→ **Dataset records**
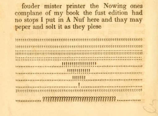 Como dijimos, Timothy Dexter fue un personaje extraordinario. Quizás inimputable. Cuando algunos lectores se quejaron por la dificultad que presentaba el texto haciendo hincapié en la falta de signos de puntuación, el ingenioso Timothy agregó a la segunda edición trece páginas repletas de comas, puntos, paréntesis, signos de interrogación y exclamación para que el lector pueda “aderezar y salar (el texto) a su sabor”.
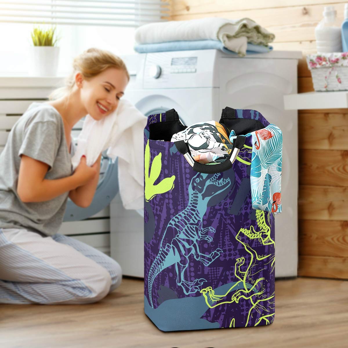 Aufräumen macht mit diesem Dino-Korb endlich Spaß! Der süße T-Rex Wäschekorb von DESIGN&WELT bringt Ordnung ins Kinderzimmer. Aus strapazierfähigem Filz gefertigt, ist er super leicht aber dennoch robust. Das geniale: Er ist faltbar! Wenn er nicht gebraucht wird, einfach zusammenfalten und platzsparend verstauen. Mit der praktischen Hängeschlaufe kann er auch an der Wand befestigt werden. Perfekt für schmutzige Wäsche, Spielzeug oder als Deko-Element. Das lustige Dino-Design motiviert Kinder tatsächlich zum Aufräumen. Ein tolles Geschenk für kleine Dino-Fans zu Geburtstag, Weihnachten oder einfach so. Macht jedes Kinderzimmer sofort gemütlicher und bunter - und hilft dabei, endlich Ordnung zu halten!
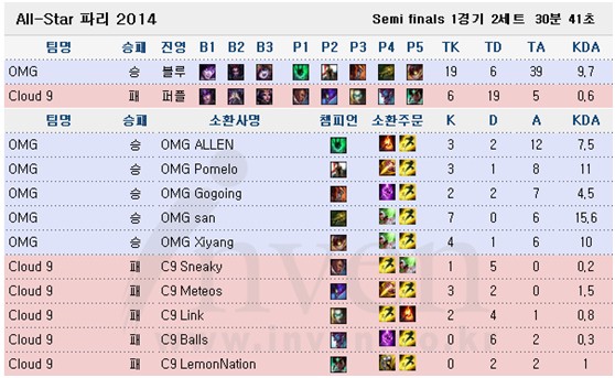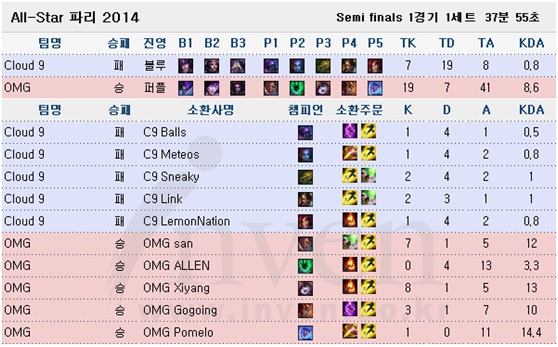 第一场比赛双方下路全部换上.但C9一级团干扰了OMG的上线节奏,导致OMG在龙女和璐璐两点上前期处于劣势.C9抓住这两点前期的劣势,在比赛初期占据了主动.C9本场依旧针对OMG上路,OMG在中期稳住了局势,在19分钟小龙出团战,药导锤石2次关键的Q技能拉中贾克斯和豹女,OMG赢得这波团战,将前期的劣势扳回.随后双方进入僵持,场上竞争进入白热化,25分钟强打掉第一条大龙,随后OMG进入习惯的节奏,推掉C9所有外塔,压缩C9的活动空间.药导的锤石再次立功,再次Q中C9关键英雄,打出一波1换4后拿下大龙,此时比赛大局一定。随后OMG在打出一波1换4团战后,攻上高地,拿下第一场比赛胜利.
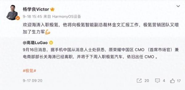 时下,机圈 " 攻入 " 车圈已经不再是个例,而是业已形成的趋势。除了主流手机厂商下场造车以外,机圈 " 大佬 "、名人、博主也纷纷向 " 车圈 " 迁徙。上个月,vivo 旗下子品牌 iQOO 产品经理宋紫薇确认已入职理想汽车的新闻冲上热搜,几乎就在同时吉利集团副总裁杨学良在社交媒体确认,前荣耀 CMO 关海涛加入极氪,负责市场推广和品牌建设。此前理想汽车的 CTO 谢炎、销售与服务高级副总裁邹良军、CFO 办公室负责人李文智也都出身华为。
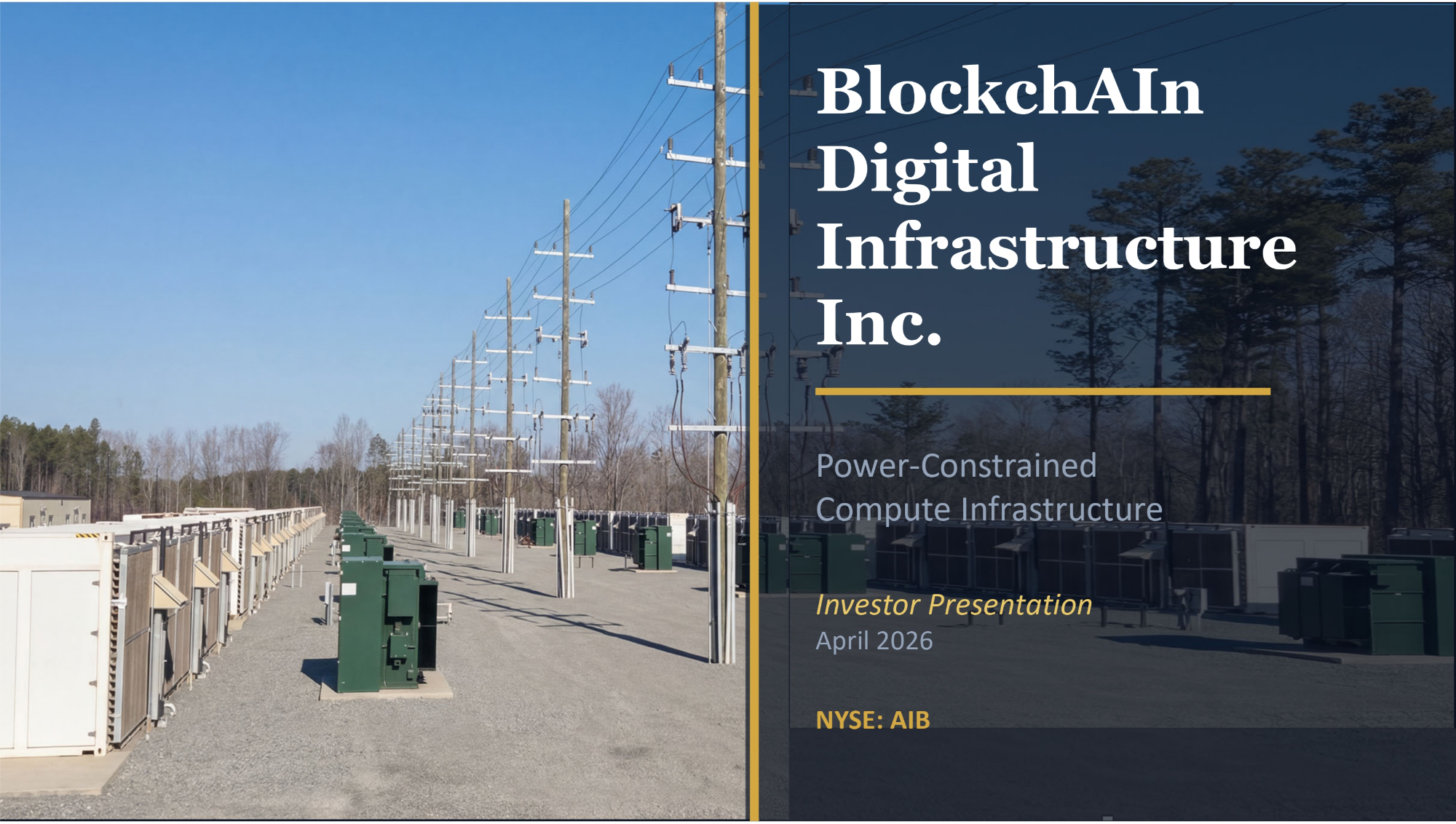 BlockchAIn Digital Infrastructure Inc. Power - Constrained Compute Infrastructure Investor Presentation April 2026 NYSE: AIB

→ **How to complete this task**
Every record above should be set down exactly, with the pictures left out.

→ **Reply**
 Como dijimos, Timothy Dexter fue un personaje extraordinario. Quizás inimputable. Cuando algunos lectores se quejaron por la dificultad que presentaba el texto haciendo hincapié en la falta de signos de puntuación, el ingenioso Timothy agregó a la segunda edición trece páginas repletas de comas, puntos, paréntesis, signos de interrogación y exclamación para que el lector pueda “aderezar y salar (el texto) a su sabor”.
 Aufräumen macht mit diesem Dino-Korb endlich Spaß! Der süße T-Rex Wäschekorb von DESIGN&WELT bringt Ordnung ins Kinderzimmer. Aus strapazierfähigem Filz gefertigt, ist er super leicht aber dennoch robust. Das geniale: Er ist faltbar! Wenn er nicht gebraucht wird, einfach zusammenfalten und platzsparend verstauen. Mit der praktischen Hängeschlaufe kann er auch an der Wand befestigt werden. Perfekt für schmutzige Wäsche, Spielzeug oder als Deko-Element. Das lustige Dino-Design motiviert Kinder tatsächlich zum Aufräumen. Ein tolles Geschenk für kleine Dino-Fans zu Geburtstag, Weihnachten oder einfach so. Macht jedes Kinderzimmer sofort gemütlicher und bunter - und hilft dabei, endlich Ordnung zu halten!
 第一场比赛双方下路全部换上.但C9一级团干扰了OMG的上线节奏,导致OMG在龙女和璐璐两点上前期处于劣势.C9抓住这两点前期的劣势,在比赛初期占据了主动.C9本场依旧针对OMG上路,OMG在中期稳住了局势,在19分钟小龙出团战,药导锤石2次关键的Q技能拉中贾克斯和豹女,OMG赢得这波团战,将前期的劣势扳回.随后双方进入僵持,场上竞争进入白热化,25分钟强打掉第一条大龙,随后OMG进入习惯的节奏,推掉C9所有外塔,压缩C9的活动空间.药导的锤石再次立功,再次Q中C9关键英雄,打出一波1换4后拿下大龙,此时比赛大局一定。随后OMG在打出一波1换4团战后,攻上高地,拿下第一场比赛胜利.
 时下,机圈 " 攻入 " 车圈已经不再是个例,而是业已形成的趋势。除了主流手机厂商下场造车以外,机圈 " 大佬 "、名人、博主也纷纷向 " 车圈 " 迁徙。上个月,vivo 旗下子品牌 iQOO 产品经理宋紫薇确认已入职理想汽车的新闻冲上热搜,几乎就在同时吉利集团副总裁杨学良在社交媒体确认,前荣耀 CMO 关海涛加入极氪,负责市场推广和品牌建设。此前理想汽车的 CTO 谢炎、销售与服务高级副总裁邹良军、CFO 办公室负责人李文智也都出身华为。
 BlockchAIn Digital Infrastructure Inc. Power - Constrained Compute Infrastructure Investor Presentation April 2026 NYSE: AIB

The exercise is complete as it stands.